Bill Could Reduce Number of Texas Abortion Facilities
A bill advancing through the Texas Legislature could drastically decrease the number of legal abortion facilities in the state.
This story is part of an ongoing series that 2013 Dennis A. Hunt Fund for Health Journalism Grantee and National Health Journalism Fellow Becca Aaronson will write for the Texas Tribune on women's health care in the state. For a complete look at Aaronson's extensive coverage, click here.
A bill advancing through the Texas Legislature could drastically decrease the number of legal abortion facilities in the state.
Supporters of Senate Bill 537, which would increase regulations for abortion facilities, say it will improve women’s safety. But abortion rights advocates say that the bill is a thinly veiled effort to close 37 of the state’s 42 abortion facilities, and that it would reduce women’s access to legal abortion.
“I understand the suspicion, but this really is about improving health care for women getting abortions,” said the bill’s author, Sen. Bob Deuell, a Republican from Greenville who is a primary care physician.
The bill would require abortions, including those induced by drugs, to be performed in so-called ambulatory surgical centers. The regulations for such facilities include specific sizes for rooms and doorways, and additional infrastructure like pipelines for general anesthesia and large sterilization equipment.
The Senate Committee on Health and Human Services approved the bill on Tuesday, sending it to the full Senate for approval.
Thirty-seven abortion clinics in Texas would not be in compliance under the new regulations. Of the 416 ambulatory surgical centers in Texas, five perform abortions.
Abortion rights advocates say Texas women will be forced to seek dangerous and illegal abortions because they will no longer have ready access to the procedure.
Ambulatory surgical centers cost more to build and operate than abortion clinics, which in turn raises the cost of abortions for patients. Whole Woman’s Health, for example, says it spends $40,000 more each month to operate its surgical center than it does for an abortion clinic. Its patients pay $1,277 for an abortion at the surgical center compared with $540 at a clinic.
More than 72,000 abortions are performed annually in Texas. No deaths from complications related to abortion have been reported to the state since 2001. While there are risks associated with the procedure, there is less than one death per 100,000 legal abortions in the United States, according to the Centers for Disease Control and Prevention.
Dr.

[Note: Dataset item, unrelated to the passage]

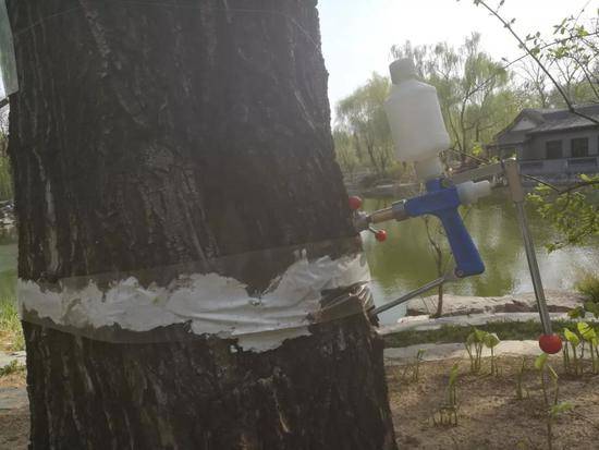 但這種方法也並不完美,抑花一號每年都要重新打,每株每次5-15元,北京市有約20萬株雌楊柳,疊加起來成本不低。同時注射操作花費一定時間,平均每人每天的操作效率為100株左右,以10萬株為標準,需要幾十個人連續施工兩個月才能完成;放在北京,需要連續施工四個月才能完成,這並不是一項輕鬆的工作。

Mayra Thompson, an obstetrician and gynecologist, told senators during a committee hearing on Tuesday that serious complications could arise from surgical abortions.

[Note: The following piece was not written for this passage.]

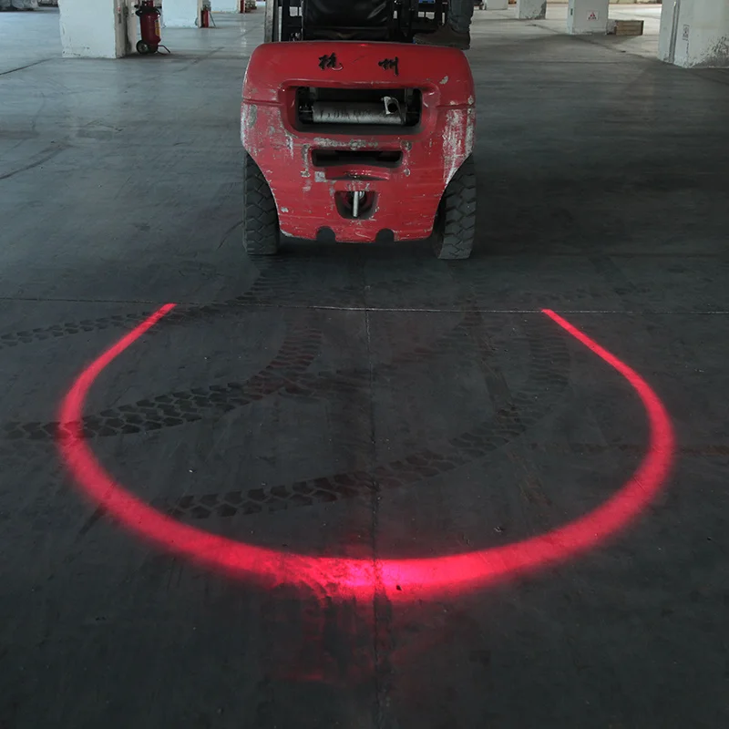 Veilig in uw logistiek centrum werken? Bekijk dan snel deze RED semi-circle veiligheidslamp. De boog wordt duidelijk geprojecteerd op de vloer en draagt zo bij aan een veilige werksituatie.

“It shouldn’t matter if you’re pro-life or pro-choice,” Thompson said. “The point here is the safety.”
Texas passed a law in 2004 requiring women seeking an abortion after 16 weeks of pregnancy to undergo the procedure in a surgical center. At the time, no abortion facilities met the standards.
A study by Ted Joyce, an economics professor at Baruch College of the City University of New York, on the effects of the 2004 law found that the number of abortions after 16 weeks dropped in Texas to 446 from 3,642 in the first year, and that more women sought abortions out of state. Joyce said last week that he expected Deuell’s measure would have similar effects.
Although surgical centers would eventually be established to meet the demand for abortion services, Joyce said, his research showed that, in the short term, existing surgical facilities would be flooded with patients and “it’s going to force women either to go out of state or to carry to term.”